It is the festival season in several states in India. And with festivities, comes the urge to spend, using credit cards. But credit cards can lead us into a debt trap. Retailers in India can, hence, adopt the layaway just like their counterparts in the US did to help people spend for Christmas. What is layaway and why is it behaviourally optimal?

Suppose you purchase couple of high-end ACs through your credit card. You can pay the entire amount when your next card payment falls due. Or you can opt for minimum payment, but suffer high interest on the balance. Given the current economic condition, many people are apprehensive about using credit cards for high-value purchases. The fear stems from either loss of job or pay cut.

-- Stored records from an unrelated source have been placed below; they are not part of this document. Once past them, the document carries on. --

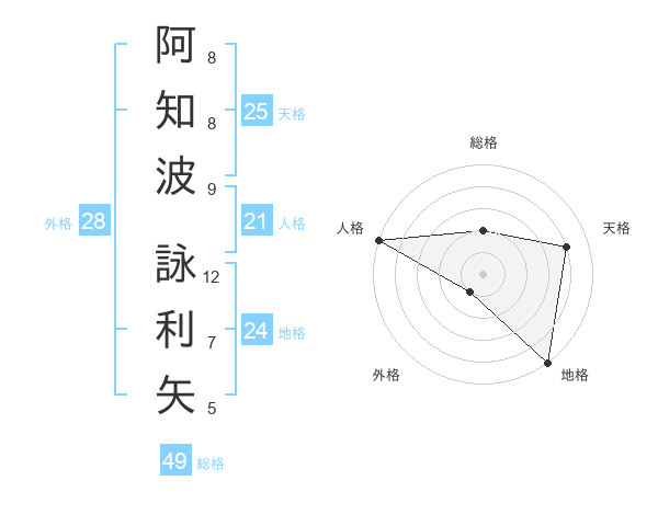 阿知波 詠利矢さんを姓名の画数から五運を鑑定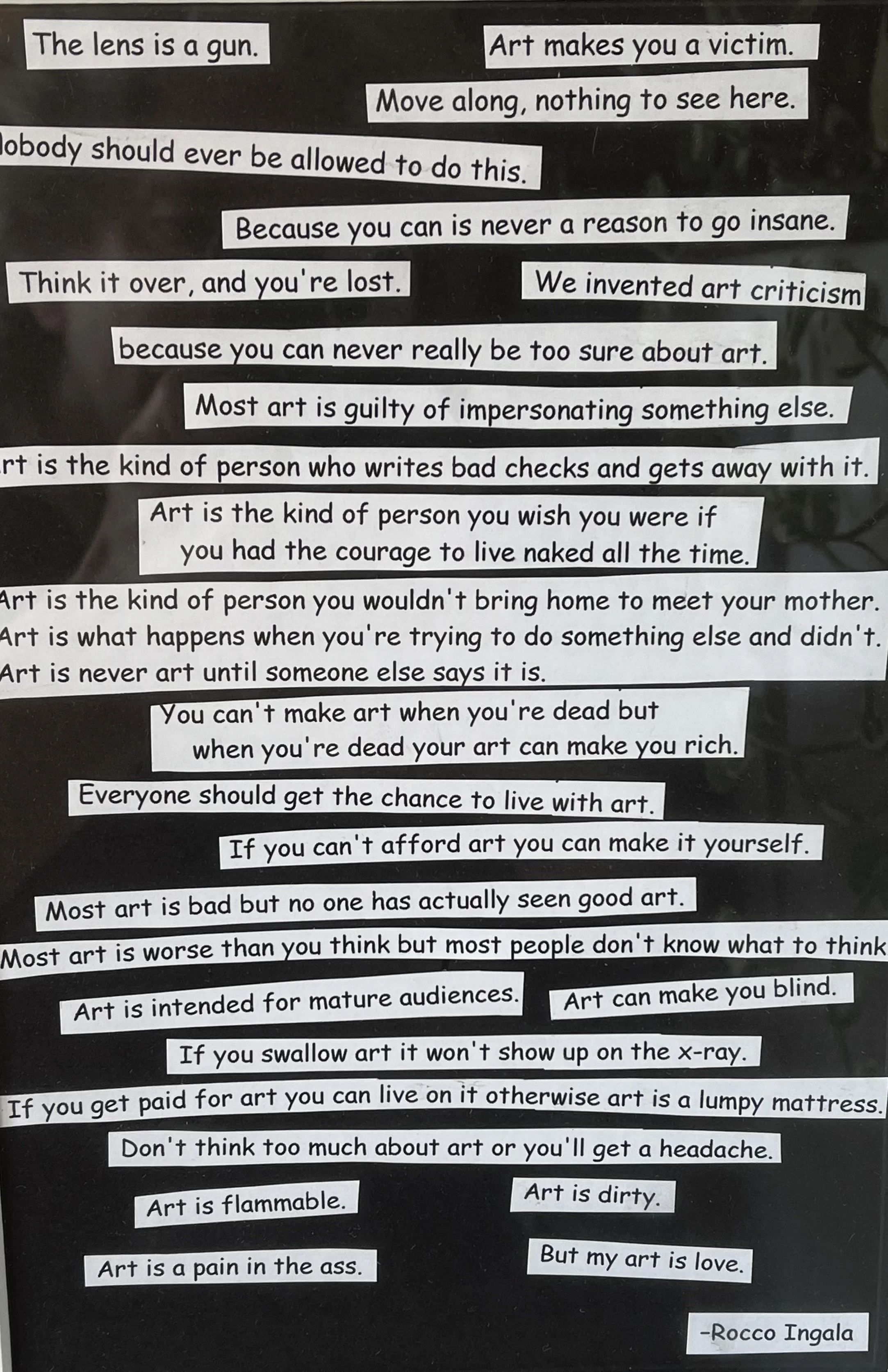 Why are you looking here? The Art you are looking for is not here, not here within this frame. The Art you see is always just a little bit outside the picture. Where is Art? Art is not here, but will always be somewhere over there.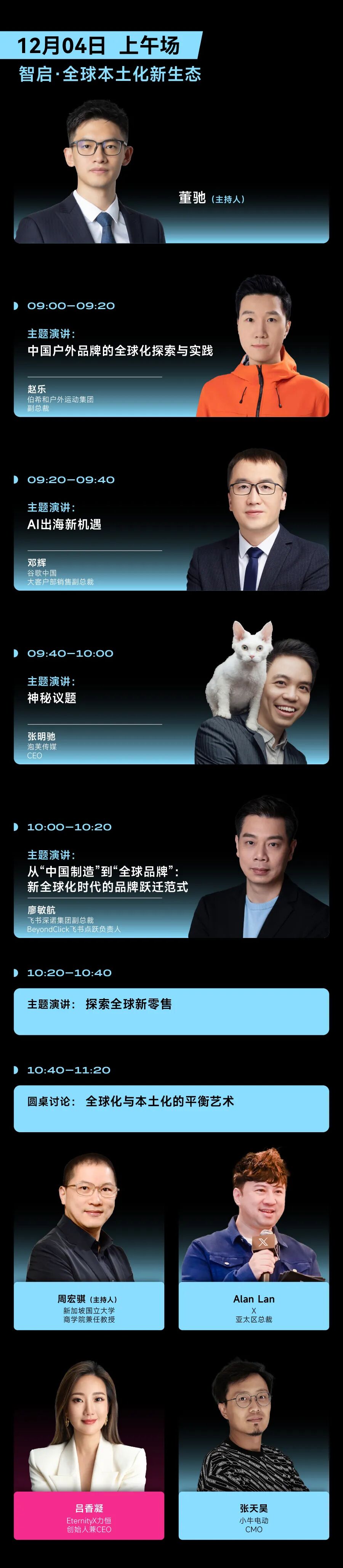 在「智启・全球本土化新生态」现场,X 亚太区总裁 Alan Lan、小牛电动 CMO 张天昊、EternityX力恒创始人兼 CEO 吕香凝,将与主持人新加坡国立大学商学院兼任教授周宏骐,以《全球化与本土化的平衡艺术》为主题展开圆桌探讨。

Enter the layaway. Think of this as instalment credit in reverse. In an instalment credit, you buy the product and pay over a period of time. In a layaway, the store sets aside the product for you. You first make a modest down payment and continue with periodic instalments. You take delivery of the product from the store only after the final instalment is paid. If you fail to pay the instalments, the store cancels your purchase and returns your money minus a fee. The layaway, thus, enables you to buy only products that you can afford.

Optimal behaviour

You can create your own plan to purchase high-value products. All you have to do is to sock some money into your savings account each month and buy the product when you have accumulated enough. For one, such a plan avoids the layaway fees. For another, you also earn interest on the amount! But such a plan may not be behaviourally optimal. Why?

You may be tempted to withdraw cash from the account and spend it for other purposes. Money committed to pay for layaway is focused spending. And unlike credit cards, it does not hurt your credit rating even if you default on your payments!